== Work instructions ==
Leave no picture in, and give every entry again exactly.

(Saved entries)
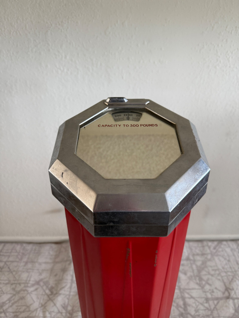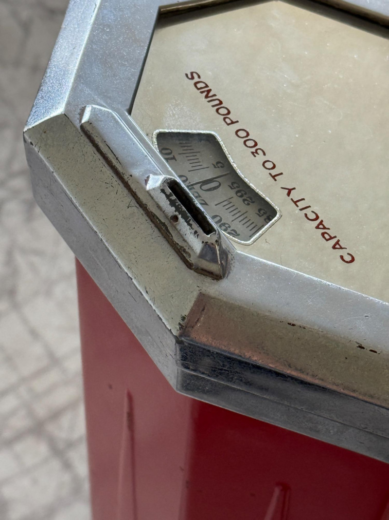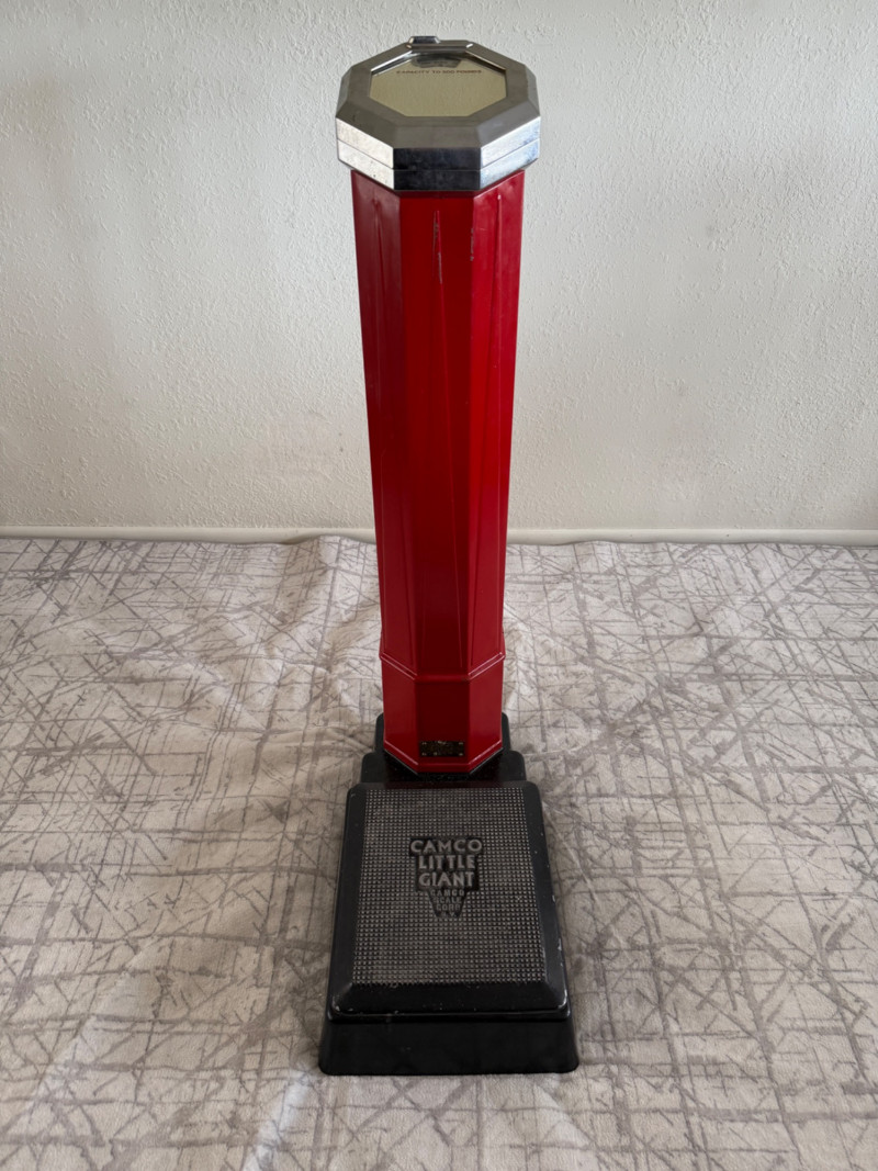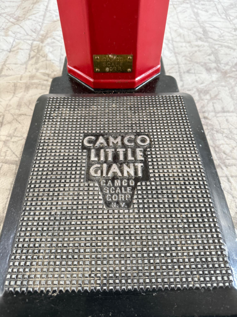 Vintage CAMCO “Little Giant” Penny Scale – Cast Iron with Red Column Offered here is a rare CAMCO Little Giant penny scale, manufactured by Camco Scale Corp., a company known for their durable commercial scales in the mid-20th century. This piece features a bold red octagonal column, chrome accents, and a cast iron base marked with the original raised CAMCO branding. Key Features: Manufacturer: CAMCO Scale Corp., U.S.A. Model: Little Giant Era: Likely 1930s–1950s Construction: Cast iron base and column, metal dial, and chrome details Function: Originally used in public places like pharmacies and bus stations; operated with a penny to display weight Condition: Displays very well with bright red paint and readable faceplate; some wear and patina consistent with age. Untested for functionality. Dimensions: Approximately 13" W x 21" D x 42" Rarity & Value: Estimated value (based on market comps): $300–$600, depending on working condition and local demand. Collectors value them for both nostalgic charm and industrial design appeal—often used as decorative statement pieces in vintage-themed interiors or businesses. A standout piece of Americana and functional industrial art
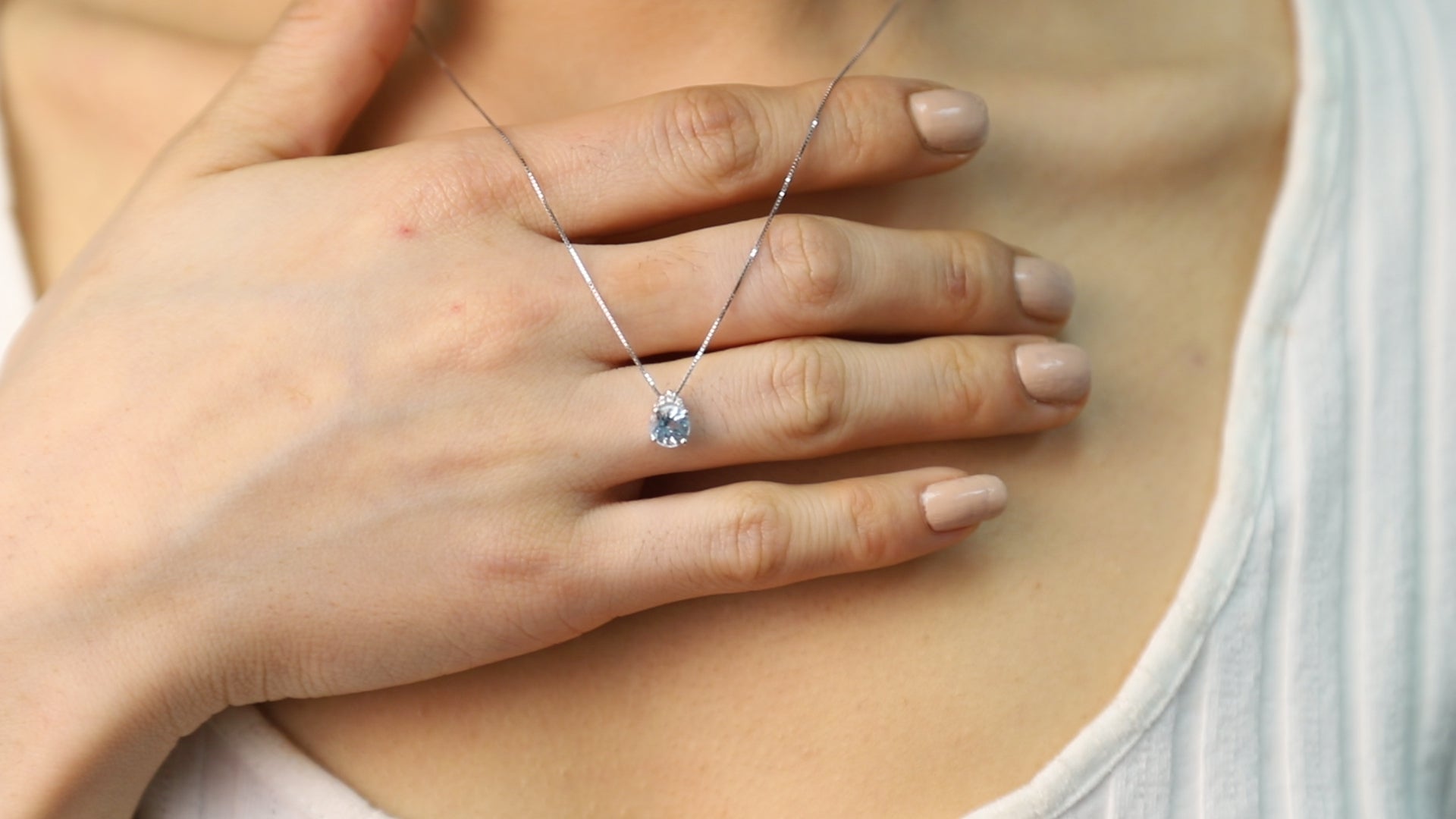 Alora 14K White Gold Round-Cut Brazilian Aquamarine Pendant
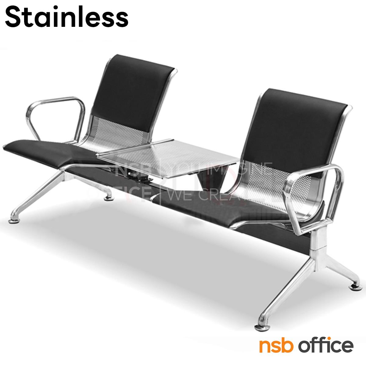 B06A165: เก้าอี้นั่งคอยสแตนเลส มีเบาะ แขนตัวโอ รุ่น Synnex (ซินเน็กซ์) 2 ที่นั่ง + 1 ที่วางของ
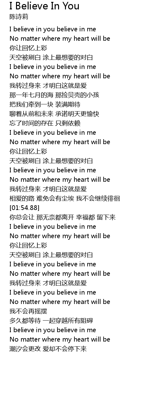 | [01:55.87] | 你总会让 那无奈都离开 幸福都 留下来 |
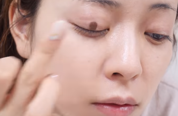 ブラウンのクリームシャドウをまぶたの中心にのせ、指でぼかしていく。
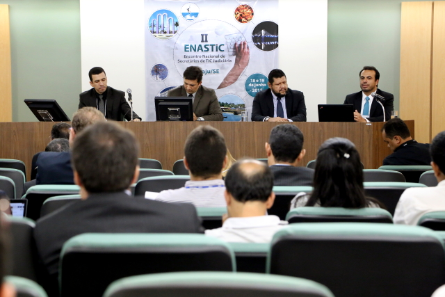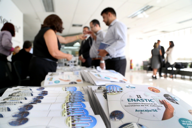 Oitenta representantes de 15 Tribunais de Justiça estaduais estão em Aracaju participando do II Encontro Nacional de Secretários de Tecnologia da Informação e Comunicação Judiciária (Enastic). O evento teve início na tarde de hoje, 18/06, e prossegue até amanhã, no Tribunal de Justiça de Sergipe. O objetivo é compartilhar novas tecnologias, discutir ideias e aprimorar a tecnologia da informação no âmbito judicário. O Presidente em exercício do TJSE, Desembargador José dos Anjos, participou da abertura e disse que o evento propicia uma rica troca de experiências.

== Answer for this exercise ==
 Vintage CAMCO “Little Giant” Penny Scale – Cast Iron with Red Column Offered here is a rare CAMCO Little Giant penny scale, manufactured by Camco Scale Corp., a company known for their durable commercial scales in the mid-20th century. This piece features a bold red octagonal column, chrome accents, and a cast iron base marked with the original raised CAMCO branding. Key Features: Manufacturer: CAMCO Scale Corp., U.S.A. Model: Little Giant Era: Likely 1930s–1950s Construction: Cast iron base and column, metal dial, and chrome details Function: Originally used in public places like pharmacies and bus stations; operated with a penny to display weight Condition: Displays very well with bright red paint and readable faceplate; some wear and patina consistent with age. Untested for functionality. Dimensions: Approximately 13" W x 21" D x 42" Rarity & Value: Estimated value (based on market comps): $300–$600, depending on working condition and local demand. Collectors value them for both nostalgic charm and industrial design appeal—often used as decorative statement pieces in vintage-themed interiors or businesses. A standout piece of Americana and functional industrial art
 Alora 14K White Gold Round-Cut Brazilian Aquamarine Pendant
 B06A165: เก้าอี้นั่งคอยสแตนเลส มีเบาะ แขนตัวโอ รุ่น Synnex (ซินเน็กซ์) 2 ที่นั่ง + 1 ที่วางของ
 | [01:55.87] | 你总会让 那无奈都离开 幸福都 留下来 |
 ブラウンのクリームシャドウをまぶたの中心にのせ、指でぼかしていく。
 Oitenta representantes de 15 Tribunais de Justiça estaduais estão em Aracaju participando do II Encontro Nacional de Secretários de Tecnologia da Informação e Comunicação Judiciária (Enastic). O evento teve início na tarde de hoje, 18/06, e prossegue até amanhã, no Tribunal de Justiça de Sergipe. O objetivo é compartilhar novas tecnologias, discutir ideias e aprimorar a tecnologia da informação no âmbito judicário. O Presidente em exercício do TJSE, Desembargador José dos Anjos, participou da abertura e disse que o evento propicia uma rica troca de experiências.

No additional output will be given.